━━━━━ Data excerpt
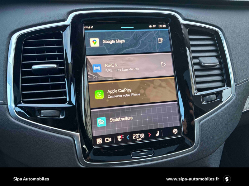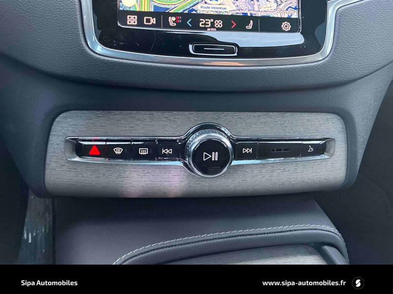 Bouton de démarrage en Aluminium cranté / Cache-bagages semi-automatique / Caméras Surround View (vision panoramique à 360°) incluant caméra AV et caméra de recul / Commande vocale avancée (climatisation, médias, téléphone, eManuel utilisateur et navigation) / Déclenchement automatique des feux de detresse lors d'un freinage d'urgence / Envoi automatique d'une alerte au service d'urgence Volvo en cas de collision / Frein de parking électronique automatique en fonction Auto Hold désactivable / Freinage automatique post-collision (réduction du risque de suraccident) / Jantes alliage 21'' 5 branches multiples Noir / Diamant / Pack Hiver Sièges AR chauffants (trois niveaux d'intensité), volant chauffant / Pack éclairage Eclairage d'ambiance AV et AR, éclairage dans les rangements du tunnel central et du sol dans les portières AV / Phares AV Matrix LED avec design du marteau de Thor -Technologie d'éclairage Matrix avec 15 segments - Identification des usagers de la route venant en sens inverse et ajustement automatique de la projection lumineuse pour éviter l'éblouissement - Permutation automatique des feux de route - Séquence lumineuse d'accueil lors de l'approche du véhicule / Pré-câblage électrique pour le crochet d'attelage / Radars de stationnement AV et AR avec signal sonore et visuel / Seuil de coffre en Aluminium / Seuil de portes AV en aluminium badgés Volvo / Système d'aide à la vigilance comprenant : Surveillance anti-angle mort, Assistance au changement de file, Alerte trafic en marche AR, Alerte collision AR avec freinage automatique / Toit ouvrant panoramique en deux parties avec pare-soleil électrique / Télécommande de verrouillage centralisé avec clé de contact intégrée, fermeture à distance des vitres et du toit ouvrant et fonction panique (déclenchement du klaxon et des feux de détresse) / Verrouillage automatique des portes en roulant / Verrouillage de sécurité enfant automatique commandé depuis le siège conducteur (condamne aussi les fenêtres AR) / Volant 3 branches gainé de Simili-Cuir avec insert Aluminium / 3ème rangée composée de 2 sièges individuels escamotables dans le coffre / 4 points d'ancrage dans les panneaux latéraux du coffre / 4 prises USB type-C / 5 modes de conduite disponibles : Hybrid, Power, Pure, Off road, AWD / Accoudoir central AR rabattable comprenant 2 porte-gobelets / Accoudoirs latéraux avec espace de rangement et porte-gobelet pour les sièges de la 3ème rangée / Accès au service d'assistance Volvo via bouton dédié dans le plafonnier / Accès au service d'urgence Volvo via bouton SOS dans le plafonnier / Airbag passager désactivable avec témoin d'indication (on/off) / Alarme Volvo Guard avec capteur de mouvements et d'inclinaison / Alerte Distraction Trafic (Ready to drive notification) (ADAS) Informe le conducteur lorsque le système remarque qu'il est nécessaire de porter plus d'attention sur le trafic et/ou qu'il faut mettre ses mains sur le volant / Alerte vigilance conducteur / Amortissement piloté avec la technologie FSD (ou Frequency Selective Damping) / Application Volvo Cars sur smartphone iOS ou Android / Appuis-tête 2ème rangée rabattables électriquement / Assise des sièges AV extensible (électriquement si le siège dispose des réglages électriques) / Barres de toit longitudinales intégrées / Bas de caisse, passage de roue et partie basse des pare-chocs AV et AR couleur carrosserie / Bouton de verrouillage centralisé pour le conducteur et la passager avec diode de contrôle / Buses de lave-glace / Calandre style chrome avec inserts chromés / Ceintures de sécuritéà inertie à 3 points d'ancrage (sur les 7 sièges) / Combiné d'instruments digital derrière le volant 12,3" / Configuration 7 places / Contour des vitres latérales chromé / Contrôle de la transmission en descente HDC / Coques de rétroviseurs couleur carrosserie / Coussin réhausseur intégré ajustable sur le siège central de la 2ème rangée / Câble de recharge Type 2 mode 2 monophasé 8A / Deuxième rangée composée de trois sièges individuels : Dossiers rabattables 40/20/40 avec plancher plat, Dossiers inclinables individuellement, Sièges coulissant individuellement / Direction assistée électrique asservie à la vitesse / Espace de rangement dans les 4 portes, pouvant accueillir 1 bouteille de 1,5 l dans les portes AV / Espace de rangement sous le plancher du coffre / Filet de sécurité entre les sièges AR et le coffre / Fonction Stop & Start : coupe et redémarre le moteur lorsque la voiture est à l'arrêt / Frein à disques 19" ventlés à l'AV et 18" à l'AR / Grand écran central flottant 11,2'' / Hayon électrique avec fonction Confort (mains libres) / Incrustations chromées autour des ouies d'aération / Incrustations Frêne Brun / Indicateur de perte de pression des pneus TPMS / Infotainment Google Android avec service Automotive et Google Maps Comprend Google Maps, Google Assistant, Google Play Store et un volume de données illimité pour les 4 premières années, kit mains libres Bluetooth et Streaming Audio, mode d'emploi numérique du véhicule, réception de la radio numérique (DAB+) / Kit anti-crevaison / Lave-phares à haute pression escamotables / Miroirs de courtoisie des pare-soleil éclairés, éclairage aux pieds à l'AV, dans la boîte à gants et le coffre / Mise à jour du système à distance (Over The Air ou OTA) / Ouverture des portes sans clé Keyless Entry incluant éclairage du sol dans les poignées de porte AV / Pare-brise en verre feuilleté et colonne de direction rétractable en cas de choc / Pare-chocs et partie inférieure des portes avec inserts chromés / Pilot Assist, système d'assistance intelligent au conducteur comprenant : Régulateur adaptatif de vitesse et de distance ACC, - Assistance à la conduite intelligente (le véhicule lit le marquage au sol et agit sur la direction afin de se maintenir au centre de sa voie et adapte la vitesse
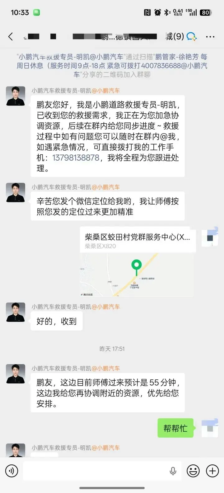 12月中旬周末返程途中,车辆行至105国道时右后轮胎被杂物割伤爆胎,仪表盘提示胎压为0。情急之下我通过官方渠道求助,小鹏救援响应迅速,不到10秒接通专线,工作人员高效调度救援资源,协调就近救援车30分钟内抵达现场。期间,救援专员不仅同步救援进度,还贴心提供轮胎数据,指导查找连锁维修厂。抵达后,在工作人员远程指导下开启“救援模式”,车辆顺利拖至修理厂完成更换。全程救援高效专业,让我在寒风夜雨中倍感安心,最终在HNGP辅助下安全到家。
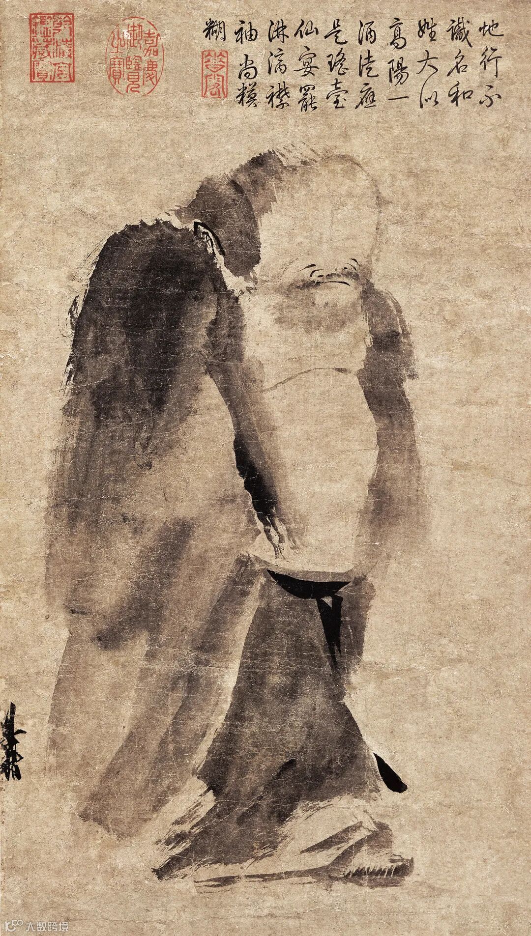 《泼墨仙人图》画面上的形象是一位袒胸露怀的“仙人”,宽衣大肚,步履蹒跚,憨态可掬,像是行走在云雾之中,其脸部的眉、眼、鼻、嘴拥成一团,下巴胡子邋遢,似乎形象很猥琐,但却是 尽脱俗相,透出傲骨的仙气。
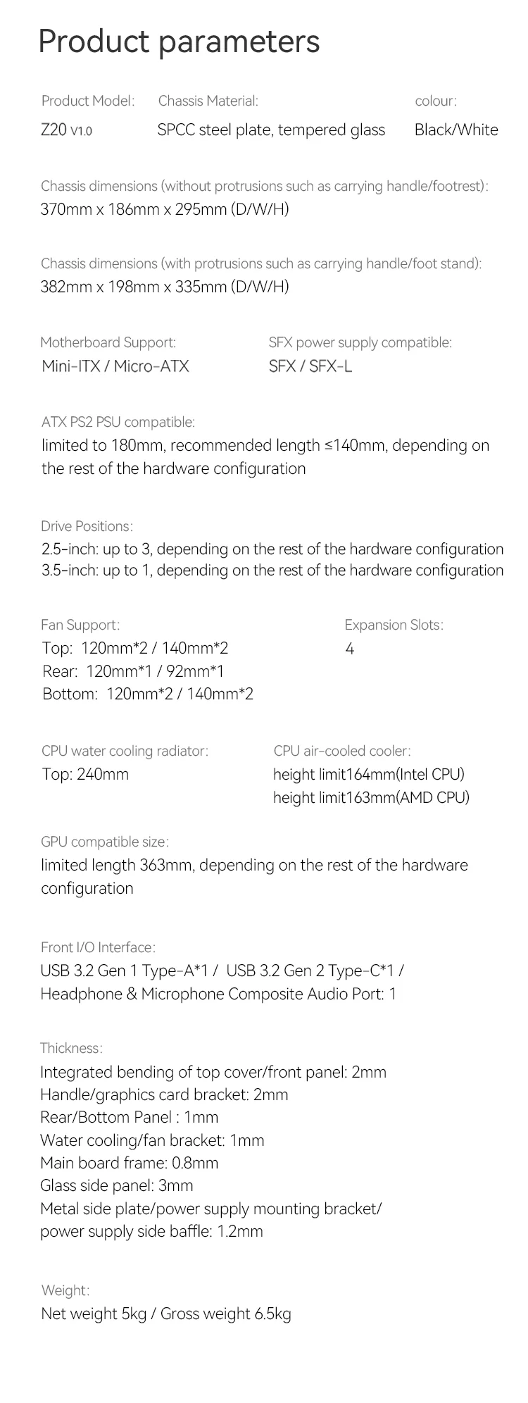 JONSBO Z20 화이트 블랙 MATX ATX 섀시 20L 분리형 핸들 케이스 163mm 공냉식 그래픽 카드 Type C 데스크탑 작은 공간
━━━━━━━━━━
Work to be completed:
Everything but the pictures is needed: copy the data above exactly.

Finished exercise:
 Bouton de démarrage en Aluminium cranté / Cache-bagages semi-automatique / Caméras Surround View (vision panoramique à 360°) incluant caméra AV et caméra de recul / Commande vocale avancée (climatisation, médias, téléphone, eManuel utilisateur et navigation) / Déclenchement automatique des feux de detresse lors d'un freinage d'urgence / Envoi automatique d'une alerte au service d'urgence Volvo en cas de collision / Frein de parking électronique automatique en fonction Auto Hold désactivable / Freinage automatique post-collision (réduction du risque de suraccident) / Jantes alliage 21'' 5 branches multiples Noir / Diamant / Pack Hiver Sièges AR chauffants (trois niveaux d'intensité), volant chauffant / Pack éclairage Eclairage d'ambiance AV et AR, éclairage dans les rangements du tunnel central et du sol dans les portières AV / Phares AV Matrix LED avec design du marteau de Thor -Technologie d'éclairage Matrix avec 15 segments - Identification des usagers de la route venant en sens inverse et ajustement automatique de la projection lumineuse pour éviter l'éblouissement - Permutation automatique des feux de route - Séquence lumineuse d'accueil lors de l'approche du véhicule / Pré-câblage électrique pour le crochet d'attelage / Radars de stationnement AV et AR avec signal sonore et visuel / Seuil de coffre en Aluminium / Seuil de portes AV en aluminium badgés Volvo / Système d'aide à la vigilance comprenant : Surveillance anti-angle mort, Assistance au changement de file, Alerte trafic en marche AR, Alerte collision AR avec freinage automatique / Toit ouvrant panoramique en deux parties avec pare-soleil électrique / Télécommande de verrouillage centralisé avec clé de contact intégrée, fermeture à distance des vitres et du toit ouvrant et fonction panique (déclenchement du klaxon et des feux de détresse) / Verrouillage automatique des portes en roulant / Verrouillage de sécurité enfant automatique commandé depuis le siège conducteur (condamne aussi les fenêtres AR) / Volant 3 branches gainé de Simili-Cuir avec insert Aluminium / 3ème rangée composée de 2 sièges individuels escamotables dans le coffre / 4 points d'ancrage dans les panneaux latéraux du coffre / 4 prises USB type-C / 5 modes de conduite disponibles : Hybrid, Power, Pure, Off road, AWD / Accoudoir central AR rabattable comprenant 2 porte-gobelets / Accoudoirs latéraux avec espace de rangement et porte-gobelet pour les sièges de la 3ème rangée / Accès au service d'assistance Volvo via bouton dédié dans le plafonnier / Accès au service d'urgence Volvo via bouton SOS dans le plafonnier / Airbag passager désactivable avec témoin d'indication (on/off) / Alarme Volvo Guard avec capteur de mouvements et d'inclinaison / Alerte Distraction Trafic (Ready to drive notification) (ADAS) Informe le conducteur lorsque le système remarque qu'il est nécessaire de porter plus d'attention sur le trafic et/ou qu'il faut mettre ses mains sur le volant / Alerte vigilance conducteur / Amortissement piloté avec la technologie FSD (ou Frequency Selective Damping) / Application Volvo Cars sur smartphone iOS ou Android / Appuis-tête 2ème rangée rabattables électriquement / Assise des sièges AV extensible (électriquement si le siège dispose des réglages électriques) / Barres de toit longitudinales intégrées / Bas de caisse, passage de roue et partie basse des pare-chocs AV et AR couleur carrosserie / Bouton de verrouillage centralisé pour le conducteur et la passager avec diode de contrôle / Buses de lave-glace / Calandre style chrome avec inserts chromés / Ceintures de sécuritéà inertie à 3 points d'ancrage (sur les 7 sièges) / Combiné d'instruments digital derrière le volant 12,3" / Configuration 7 places / Contour des vitres latérales chromé / Contrôle de la transmission en descente HDC / Coques de rétroviseurs couleur carrosserie / Coussin réhausseur intégré ajustable sur le siège central de la 2ème rangée / Câble de recharge Type 2 mode 2 monophasé 8A / Deuxième rangée composée de trois sièges individuels : Dossiers rabattables 40/20/40 avec plancher plat, Dossiers inclinables individuellement, Sièges coulissant individuellement / Direction assistée électrique asservie à la vitesse / Espace de rangement dans les 4 portes, pouvant accueillir 1 bouteille de 1,5 l dans les portes AV / Espace de rangement sous le plancher du coffre / Filet de sécurité entre les sièges AR et le coffre / Fonction Stop & Start : coupe et redémarre le moteur lorsque la voiture est à l'arrêt / Frein à disques 19" ventlés à l'AV et 18" à l'AR / Grand écran central flottant 11,2'' / Hayon électrique avec fonction Confort (mains libres) / Incrustations chromées autour des ouies d'aération / Incrustations Frêne Brun / Indicateur de perte de pression des pneus TPMS / Infotainment Google Android avec service Automotive et Google Maps Comprend Google Maps, Google Assistant, Google Play Store et un volume de données illimité pour les 4 premières années, kit mains libres Bluetooth et Streaming Audio, mode d'emploi numérique du véhicule, réception de la radio numérique (DAB+) / Kit anti-crevaison / Lave-phares à haute pression escamotables / Miroirs de courtoisie des pare-soleil éclairés, éclairage aux pieds à l'AV, dans la boîte à gants et le coffre / Mise à jour du système à distance (Over The Air ou OTA) / Ouverture des portes sans clé Keyless Entry incluant éclairage du sol dans les poignées de porte AV / Pare-brise en verre feuilleté et colonne de direction rétractable en cas de choc / Pare-chocs et partie inférieure des portes avec inserts chromés / Pilot Assist, système d'assistance intelligent au conducteur comprenant : Régulateur adaptatif de vitesse et de distance ACC, - Assistance à la conduite intelligente (le véhicule lit le marquage au sol et agit sur la direction afin de se maintenir au centre de sa voie et adapte la vitesse
 12月中旬周末返程途中,车辆行至105国道时右后轮胎被杂物割伤爆胎,仪表盘提示胎压为0。情急之下我通过官方渠道求助,小鹏救援响应迅速,不到10秒接通专线,工作人员高效调度救援资源,协调就近救援车30分钟内抵达现场。期间,救援专员不仅同步救援进度,还贴心提供轮胎数据,指导查找连锁维修厂。抵达后,在工作人员远程指导下开启“救援模式”,车辆顺利拖至修理厂完成更换。全程救援高效专业,让我在寒风夜雨中倍感安心,最终在HNGP辅助下安全到家。
 《泼墨仙人图》画面上的形象是一位袒胸露怀的“仙人”,宽衣大肚,步履蹒跚,憨态可掬,像是行走在云雾之中,其脸部的眉、眼、鼻、嘴拥成一团,下巴胡子邋遢,似乎形象很猥琐,但却是 尽脱俗相,透出傲骨的仙气。
 JONSBO Z20 화이트 블랙 MATX ATX 섀시 20L 분리형 핸들 케이스 163mm 공냉식 그래픽 카드 Type C 데스크탑 작은 공간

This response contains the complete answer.